My main concern is performance. I was hoping for better performance than I'm getting. It's only about 2x faster than the naïve implementation (included below the Sieve code for reference). I'd mainly like recommendations for speeding this up.
I decided to go overboard with the use of ->> here. It just fit so perfectly everywhere, but I think I may have taken it too far.
Is there a way to avoid the cond dispatch in naïve-prime??
Anything else notable.

(ns irrelevant.sieves.eratosthenes)
; ----- Sieve -----
(defn sieve-primes [n]
 (loop [p 2 ; First prime
 marked #{} ; Found composites
 primes []]
 (let [mults (->> n
 (range p)
 (map #(* p %))
 (take-while #(< % n)))
 next-p (->> p
 (inc)
 (iterate inc)
 (remove marked)
 (first))
 new-primes (conj primes p)]
 (if (>= next-p n)
 new-primes
 (recur next-p (into marked mults) new-primes)))))
; ----- Naive -----
(defn naive-prime? [n]
 (cond
 (< n 2) false
 (= n 2) true
 :else (->> n
 (Math/sqrt)
 (inc)
 (range 2)
 (some #(zero? (rem n %)))
 (not))))
(defn naive-primes [n]
 (->> n
 (range 2)
 (filterv naive-prime?)))

Runtime Complexity:

I wrote up a testing function to automate timing with the help of Criterium for benchmarking:

(defn test-times [start-n end-n step-factor]
 (->> (iterate #(* step-factor %) start-n)
 (take-while #(< % end-n))
 (mapv (fn [n] [n (->> (c/quick-benchmark*
 (fn [] (sieve-primes n))
 nil)
 (:mean)
 (first))]))))

This tests how long it takes for various values of n, then packages the results in a vector of [n time-taken] pairs. Here are the results (times in seconds):

(test-times 1 1e7 2)
=>
[[1 2.3196602948749615E-7]
 [2 2.3105128053865377E-7]
 [4 1.42932799280724E-6]
 [8 5.63559279071997E-6]
 [16 1.2984918224299065E-5]
 [32 3.289705735278571E-5]
 [64 7.087895492662475E-5]
 [128 1.4285673446327686E-4]
 [256 2.923177758112095E-4]
 [512 6.273025793650794E-4]
 [1024 0.0012981272479166666]
 [2048 0.0025652252416666667]
 [4096 0.005141740791666667]
 [8192 0.01068772265]
 [16384 0.022486903166666666]
 [32768 0.05367695991666667]
 [65536 0.11212592816666668]
 [131072 0.23180363016666666]
 [262144 0.48056071016666674]
 [524288 1.1464995601666668]
 [1048576 2.8823068596666666]
 [2097152 6.4231157065]
 [4194304 15.808042165333335]
 [8388608 56.98961213533334]]

Plotting it out, it appears to be roughly O(n^3). The time taken seems to roughly double every time n is doubled (O(n)) until n=524288, then it explodes. A custom Wolfram regression calculator gave a best fit with a cubic curve.

Question 2

Empirical Orders of Growth, please! (i.e. compare the speeds at two size points at least, preferably three or more, to get better picture of what's going on there).

Question 3

can it be that (remove marked ps) compares each p in ps against all elements in marked, out of order?

Question 4

@WillNess A membership test of a set is near constant. This is also lazy, so it will only search enough to find the first result.

Question 5

ok, thanks. what about the empirical orders of growth? it would give a good hint about the goings on.

Question 6

@WillNess I haven't yet graphed the runtime of different n values. I can do that today. I did notice that it scaled better than the naive version though. It was only like 1.8x faster than the naive for n=1000, but ~2.2x faster for n=10000.

Question 7

Is there a way to avoid the cond dispatch in naïve-prime??

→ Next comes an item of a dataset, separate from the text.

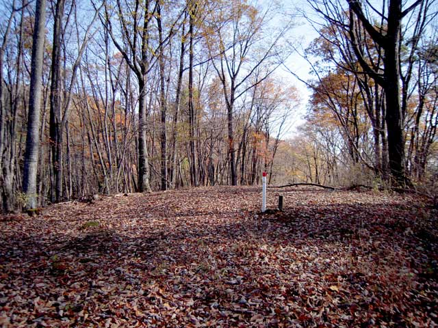 滑りやすいうえに木の根が張り出し、つかまるところもあまりない。道の左側に延々とロープが張ってある。手も使いながら登ること20〜30分で、いったん緩やかな下りになる。ひと息ついて10分も下るとまた上りになる。それも10分ほどで終わると広葉樹の尾根道をトラバースしながら緩やかに進む。急登が終わってから30分ほど、登山口からは1時間ほど、雑木林がまばらになって少し開けた感じになり、サス沢山に着く。山の頂上らしいものは何もないが、すぐ右手先に青々と輝く奥多摩湖が望める展望スポットがある。ベンチもあって奥多摩湖の向こうの石尾根を見ながら休憩するのに絶好の場所だ。ここには三角点があるが、それに気付く人はまずいないだろう。山頂のど真ん中に埋まっている。踏まれて削れて、ただの石にしか見えない。探してみてはいかが。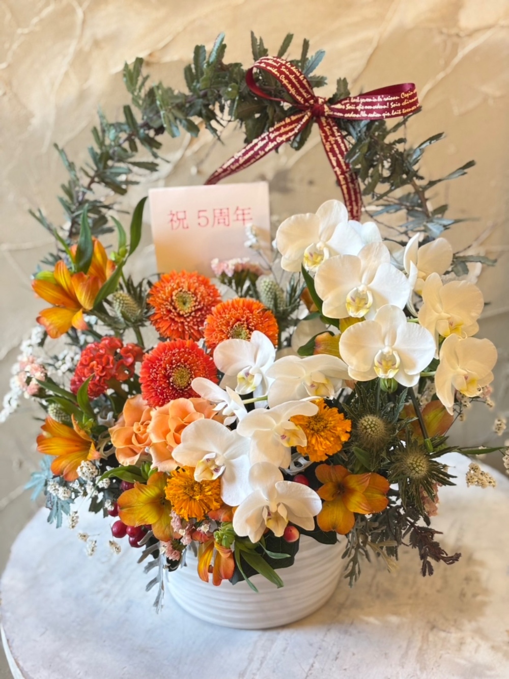 秋を感じられる季節感溢れる素敵なお花で、個展にも合っていたように感じました。BOXタイプだったので手に取りやすいサイズでご本人にも喜んでいただけました。ありがとうございました。オリジナルで作りたかったのですが、時間がなくて直ぐに注文出来るこちらを選ばせて頂きました。お値段以上のボリュームで大満足です。

You could do naive-prime? this way:

(defn naive-prime? [n]
 (and
 (>= n 2)
 (->> n
 (inc)
 (Math/sqrt)
 (range 2)
 (not-any? #(zero? (rem n %))))))

This gets rid of the special cases 1 and 2. The trick is to increment before applying Math/sqrt, so that the edge case 2 works correctly.

I've also elided the not into the some to produce not-any?.

I'd mainly like recommendations for speeding this up.

Try

(defn sieve-primes [n]
 (loop [p 2 ; First prime
 marked #{} ; Found composites
 primes []]
 (let [mults (range (* p p) (inc n) p)
 next-p (->> p
 (inc)
 (iterate inc)
 (remove marked)
 (first))
 new-primes (conj primes p)]
 (if (>= (* next-p next-p) n)
 (into new-primes (remove marked (range next-p (inc n)))

There are a couple of changes here.

Generate mults as a range, starting at (* p p) - the first number that needs to be tested with prime factor p.
Stop testing when the prime you would use, next-p, squared is bigger than the limit n.

I don't like the idea of building a massive set of composites. Better turn the algorithm inside out and test each number as it occurs against only the necessary prime factors. But that's a quite different algorithm.

Thumbnail Thumbnail 1,6349 silver badges16 bronze badges · Accepted Answer · 2019-02-11 02:31:04Z

Is there a way to avoid the cond dispatch in naïve-prime??

You could do naive-prime? this way:

(defn naive-prime? [n]
 (and
 (>= n 2)
 (->> n
 (inc)
 (Math/sqrt)
 (range 2)
 (not-any? #(zero? (rem n %))))))

This gets rid of the special cases 1 and 2. The trick is to increment before applying Math/sqrt, so that the edge case 2 works correctly.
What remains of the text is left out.